On a hot September afternoon, I met Superintendent Ven Tesoro and he brought me to the Correctional Institute for Women (CIW) where more than 1,000 inmates are serving their respective prison terms. And after just a few hours inside, I began to understand why he believes that prison should not be a place for female offenders.

I met Julie, 47. She has seven children but unless they visit her, there is no way she will be able to hug or kiss them or even ask how they have been. She is serving a life sentence for possession of illegal drugs.

She said she just happened to be in the same car with the friend who was responsible for the drugs. It was one cold night, nine years ago. She recalled that fateful day with ease but her voice quivered when I asked about her children.

She gazed far away in silence. I sat beside her on her bunk bed.

Rosanna, another inmate, walked toward us to listen. Her smile faded when she heard Julie talk about her children.

Rosanna’s story is stranger than fiction. A judge sentenced her, her husband and her three sons for murder. Her husband died in jail. Like her, her three sons are still serving their sentences. She says she is innocent.
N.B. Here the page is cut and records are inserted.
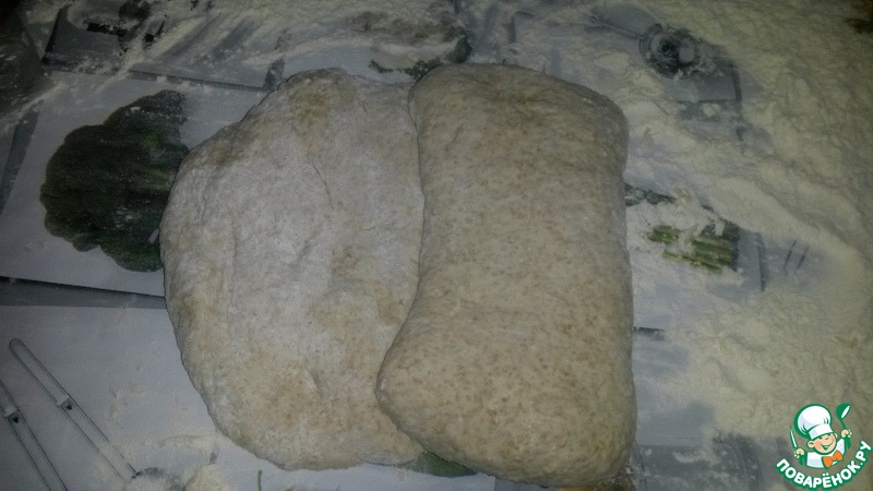 Когда тесто выбродило, выложите его на подпыленную поверхность и расплющите в длинный пласт, ширина которого должна быть чуть меньше длины формы.
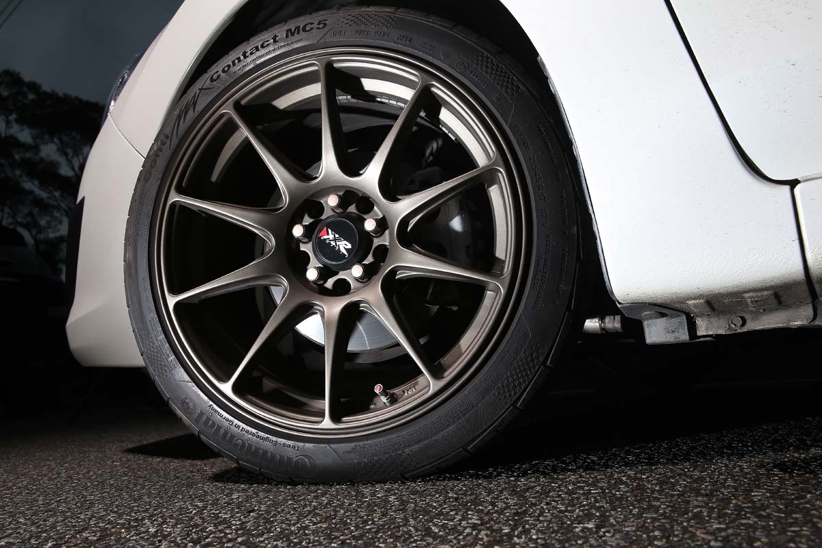 | 改裝短彈簧提升穩定性,圈胎則是17吋XXR搭配Continental 215/45 R17輪胎,聽說此車主是個殺手級的人物,這樣的設定應該夠用吧! |
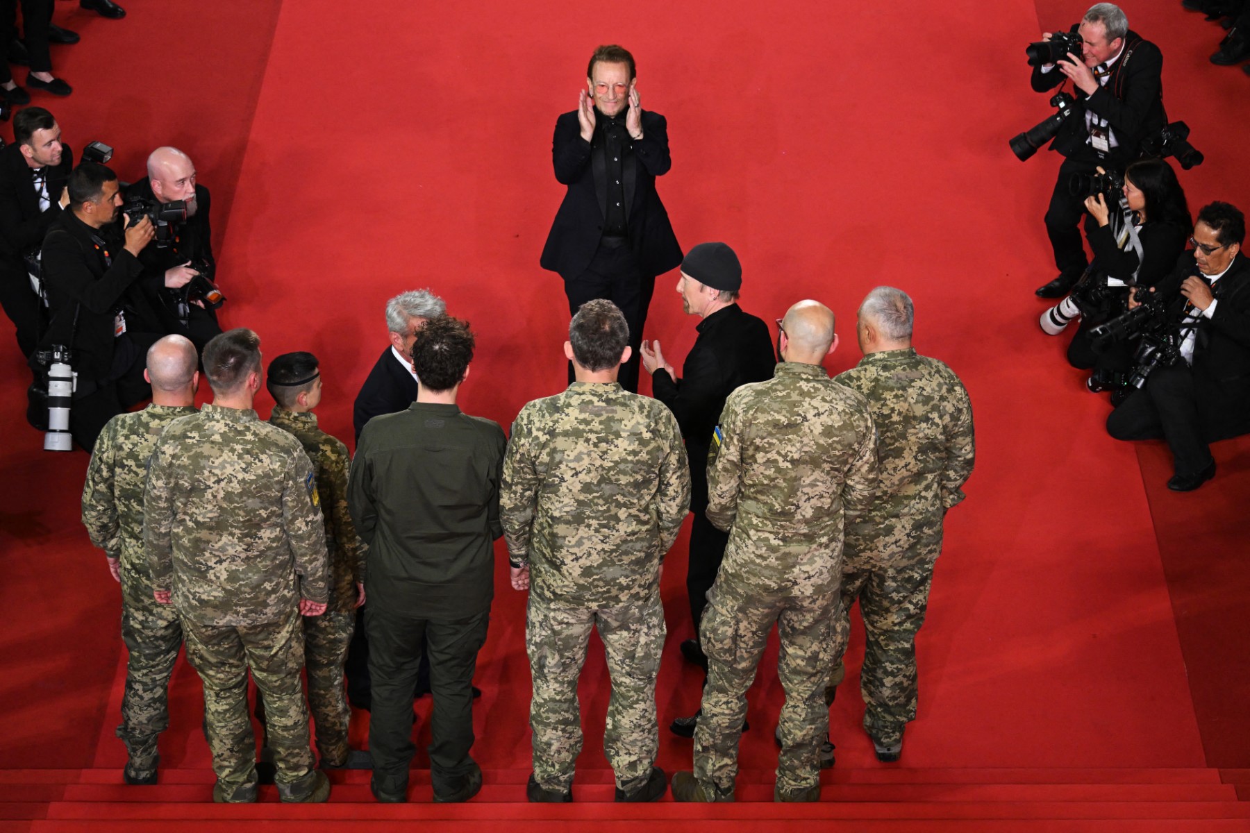 Le musicien britanno-irlandais The Edge, le chanteur et auteur-compositeur irlandais Bono, ainsi que l’acteur, scénariste et réalisateur américain Sean Penn posent avec des soldats ukrainiens à leur arrivée pour la projection du film « Bono: Stories of Surrender », le 16 mai 2025. © Bertrand Guay / AFP

She is 63. Her eyes could not conceal the pain.

Rosanna and Julie are only two of the brave and resilient women serving life terms in the CIW. The institution is different from other prison facilities in the Philippines that I’ve visited. I’ve seen a hell-like place where inmates are cramped like sardines in a rusty can and another that smells of trash and human waste.

Nestled right in the middle of 6,000 hectares of banana plantation, the CIW looks more like a university than a prison. You notice the little red flowers and green plants that surround the facility more than the piercing barbed wires.

The rooms are clean and the bunk beds are neatly arranged. There are bed curtains of different colours and designs and bundles of toys, dolls and trinkets on most of the beds. And today, the inmates have prepared a program to welcome some visitors from Manila.

Yet, as in other prison facilities, there is that same sadness and profound pain that lingers, that never goes away. There is that longing for home, a desperate wish to be able to press a reverse button, to be anywhere but here.

It is a sadness that tries to hide behind pink curtains and brown teddy bears, or life size Hello Kitties and long-haired dolls that fill the different bunk beds in this prison institution.

Tesoro, who has years of experience in running prisons, believes that imprisonment is not a responsive and effective penalty for female offenders. He believes that a female’s absence in the Filipino home could wreak havoc on the family and jeopardize the future of the children.

Instead, he believes that female offenders must be sent on community service. ‘She may be required to serve or compensate for her wrongdoing or delinquency but this should be conducted outside of institutionalization. At the end of the day, she must be at home. She must be with her loved ones. Her family should never be a part and parcel of that which she must have to pay, although in reality or in effect, it may be for her love of family that made her commit a crime—directly or indirectly,’ Tesoro says.

The women I met here have been convicted of murder, and drug dealing among other crimes. Up close, they are ordinary housewives, mothers, sisters and daughters. I am in awe of their strength and resilience, of how they struggle to survive.

And because I agree with the old Chinese proverb that women hold up half the sky, I echo Tesoro’s belief that indeed, these female offenders must be able to go home and be with their families.